Touching on some concrete steps taken towards the elimination of torture and other cruel, inhuman treatment, Ms. Karua highlighted that, on coming to power in 2003, the current Government had closed down the notorious Nyayo House torture chambers in which many political prisoners had been routinely tortured by State agents. In addition, the Government had amended its criminal laws in order to protect persons from torture through the adoption of the Statute Law (Miscellaneous Amendment) Act of 2007. Prior to those amendments, confessions from persons suspected of criminal offences were taken in police stations by junior officers. A suspect could now only make a confession either before a judge, magistrate or police officer (who was not the investigative officer) who was not below the rank of Chief Inspector, and all such confessions had to be made in the presence of a third person chosen by the accused.

Further steps included the abolishment of corporal punishment under the laws of Kenya, the availability of the official police medical examination (P3) form in any public hospital in cases of torture allegations, which had previously only been available through the police themselves, and the initiation of reforms in the training curricula for law enforcement and public officials with an emphasis on human rights and the prohibition of torture, Ms. Karua said.

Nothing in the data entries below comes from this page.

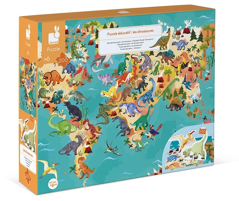 Janod - Dječje edukativne puzzle 200 kom dinosauri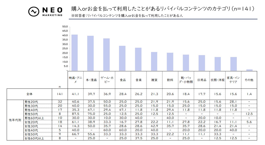 ◆購入orお金を払って利用したことがあるリバイバルコンテンツのカテゴリ(n= 141)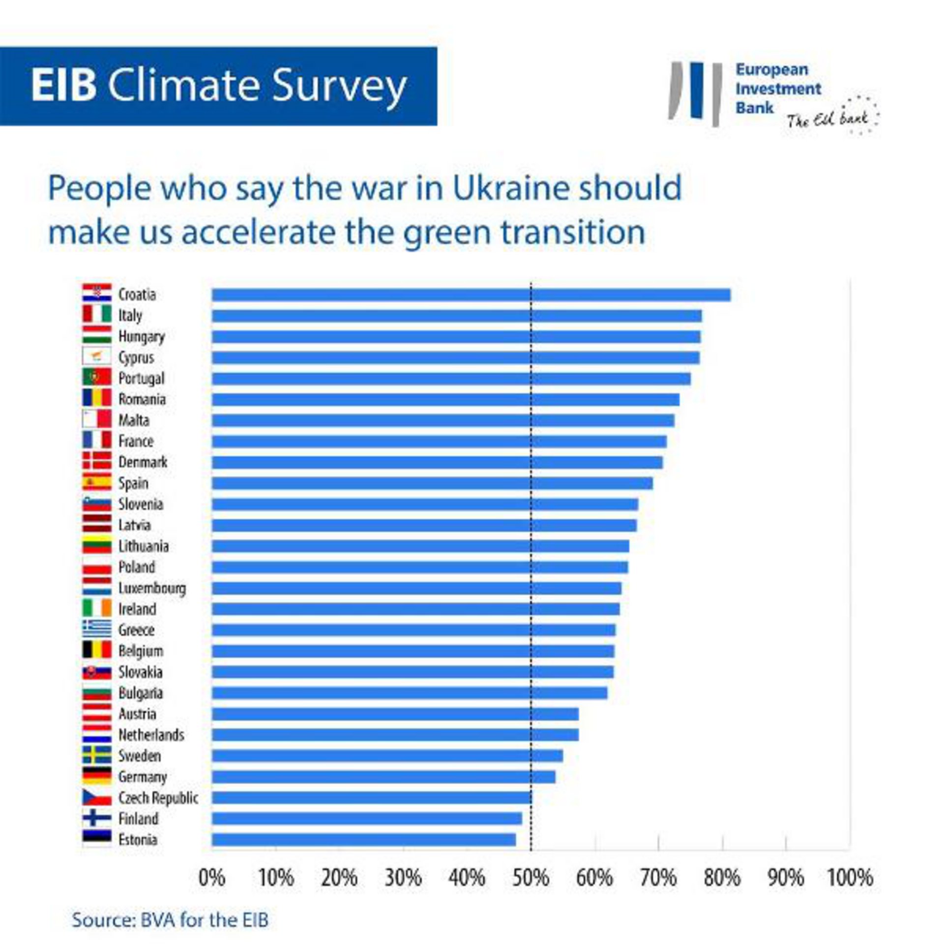 Το ποσοστό των Ελλήνων που θεωρεί ότι ο πόλεμος στην Ουκρανία πρέπει να επιταχύνει τις διαδικασίες για την πράσινη μετάβαση αντιστοιχεί στο 63% και είναι κοντά στον ευρωπαϊκό μέσο όρο (66%). Πρώτη χώρα στον σχετικό πίνακα είναι η Κροατία ενώ αντίστοιχα στον... πάτο βρίσκονται Εσθονία και Φιλανδία με ποσοστό κάτω του 50%.

The Government had put in place a de facto moratorium on the death penalty. In February 2003, President Kibaki had suspended the hanging of those condemned to death, ordered the release of 281 long-term prisoners on death row, and commuted to life the sentences of 195 others. The Government and the Kenya National Commission on Human Rights, in collaboration with civil society organizations, had also been educating Kenyans on global trends on the issue of the death penalty with a view to eventually winning over the citizens so that Kenya could become a signatory to the Second Optional Protocol to the International Covenant on Civil and Political Rights.

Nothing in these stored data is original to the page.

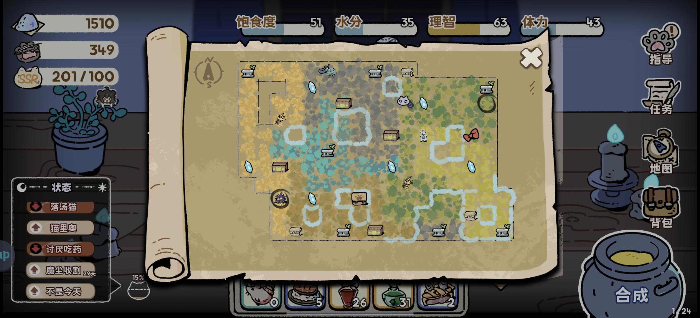 摸不好玩法可能会比较焦虑,净看生存值了,但小猫咪睡觉能回体力,探索能回san值,平衡好消耗就行,当小猫想吃鱼的时候喂鱼会大大提高san值,新手引导有进步,挺有意思的,点贴图就可以了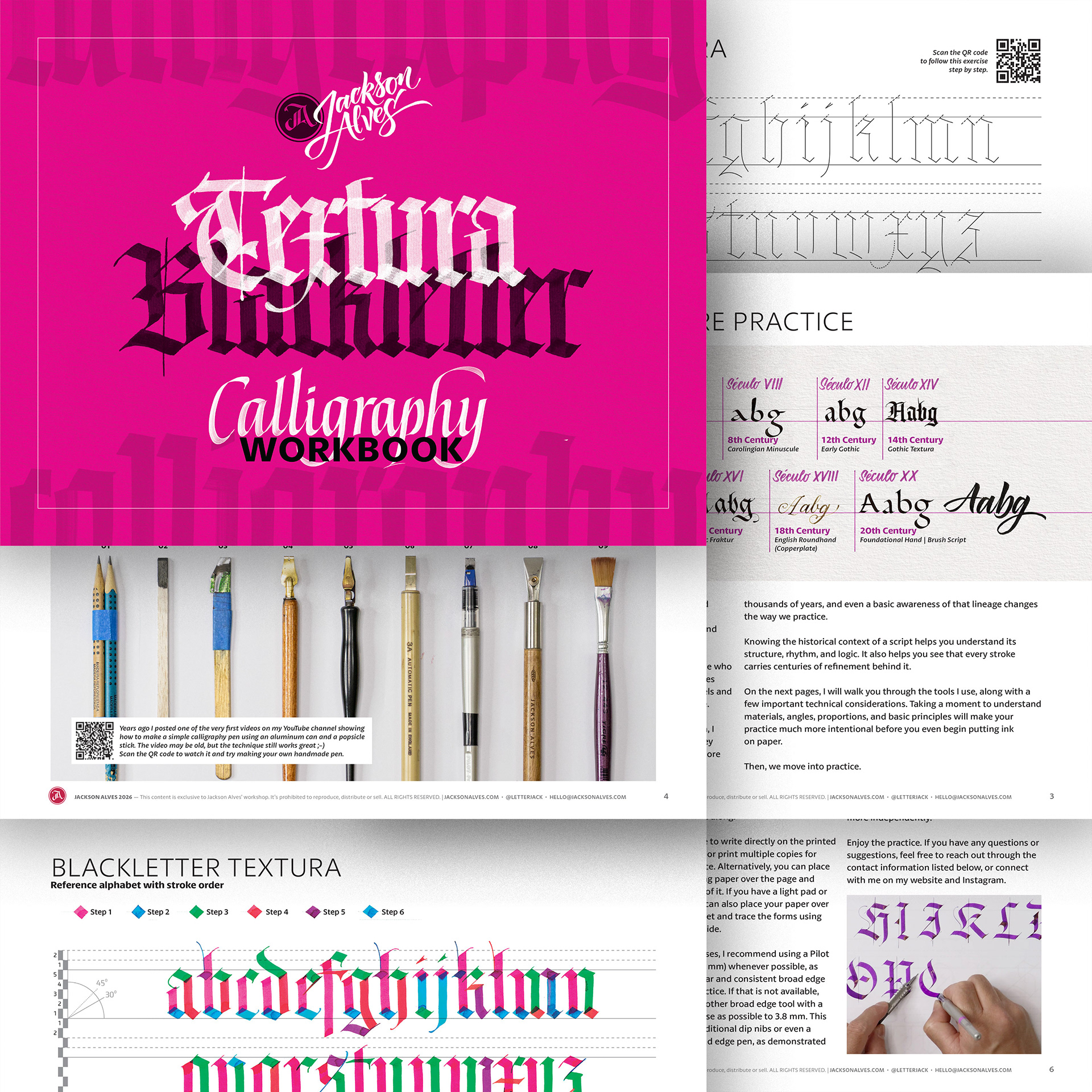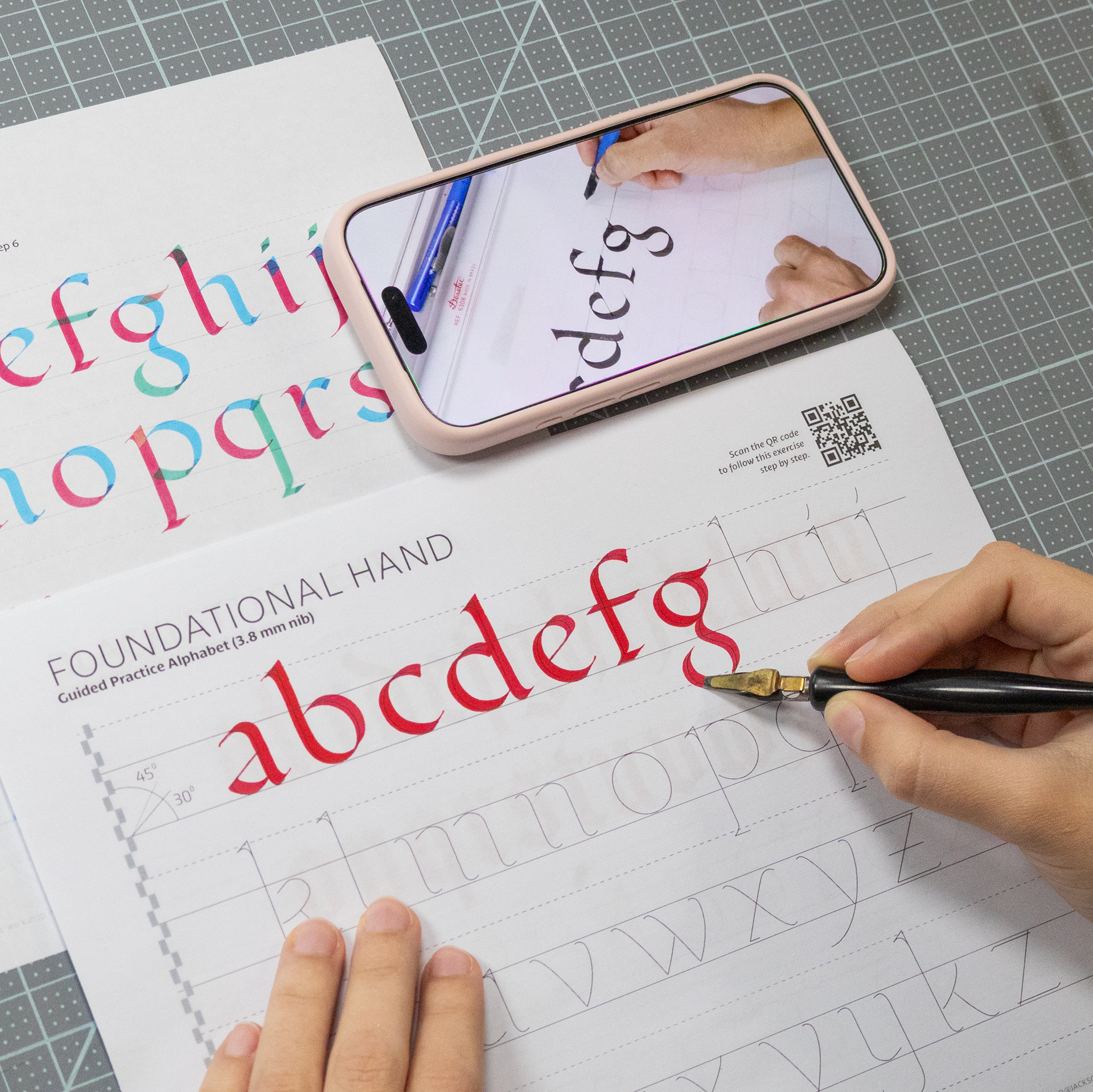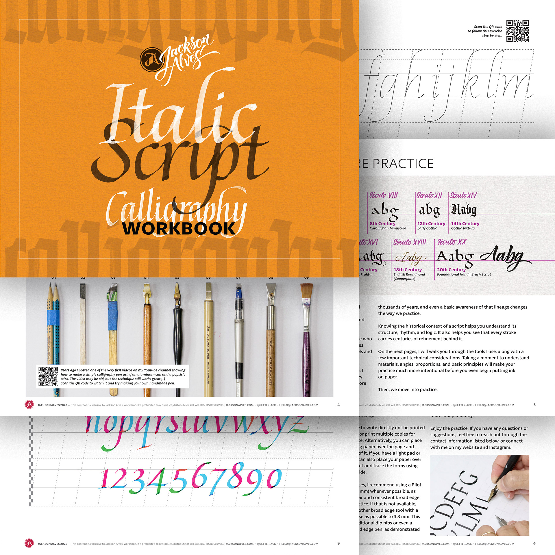Each workbook is designed to help you understand and practice a specific script through a clear, structured, and practical approach. The focus is on hands-on practice, supported by a short introduction, tool guidance, and guided exercises. You can also scan the QR code to follow the full process in real time, watching each letter being built step by step as you practice.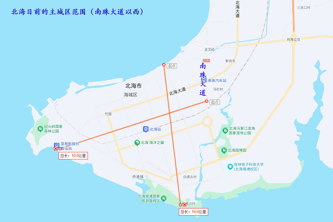 北海的主城区很小:南北最宽10公里、东西最长10.9公里(不含冠头岭)。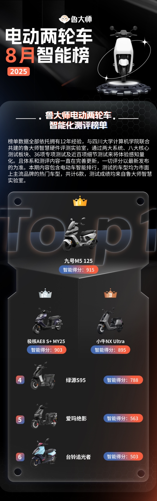 鲁大师8月电动两轮车排行榜数据来源于鲁大师智慧实验室,测评的车型均为市面上主流品牌的主流车型。截止目前,鲁大师智能化电动车测评的车型高达260余台,且还在不断增加和丰富中。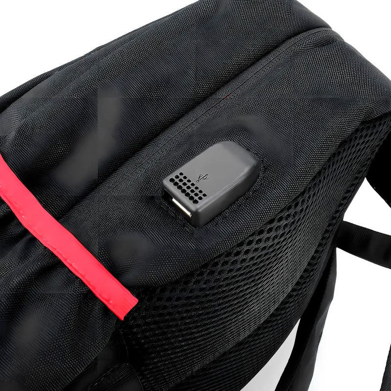 Incluye un puerto USB lateral para que puedas conectar tu power bank y cargar tu teléfono o dispositivo sin abrir la mochila. Ideal para trayectos largos o jornadas intensas fuera de casa.

Also worth noting, Ms. Karua said, was the fact that prisons in Kenya were now open for public scrutiny. The Kenya National Commission for Human Rights also had unrestricted visits to places of detention. That duty was not only recognized by law, but had been underscored by judicial pronouncement.

Ms. Karua observed that, since the submission of the report, a number of measures that had been reported on as in progress had now been completed. An independent civilian Police Oversight Board had been established to strengthen the public complaints mechanism against law enforcement officers; a Public Complaints Standing Committee to act as an Ombudsman to handle complaints against public officials and institutions had been operationalized; and a National Legal Aid Scheme and Awareness Programme to enhance access to justice, especially for the poor and vulnerable, had been established and operationalized. In addition, sensitive to the gender dimension of torture, Kenyan laws prohibited and criminalized female genital mutilation and early and forced marriages, as enshrined in the Children's Act and the Sexual Offences Act. The Ministry of Gender, Sports, Culture and Social Services coordinated an inter-ministerial Committee on Female Genital Mutilation that spearheaded implementation of the National Action Plan for the Eradication of Female Genital Mutilation. Gender desks had been set up in most police stations in Nairobi, with appropriately trained police officers to ensure the victims of gender-based violence were properly handled, and the Police Commissioner had set up a task force to investigate sex crimes alleged to have been committed by security personnel in the violence following the December 2007 elections.

In conclusion, Ms. Karua highlighted that, despite many challenges, including a lack of a definition of torture and the politicization of ethnic militias, criminal gangs and organized crime that undermined national security, there were a number of cases in which public officials had been charged, prosecuted and sentenced in criminal courts for acts constituting torture according to the Convention, and victims of torture who had filed claims in civil courts had been paid compensation by the Government.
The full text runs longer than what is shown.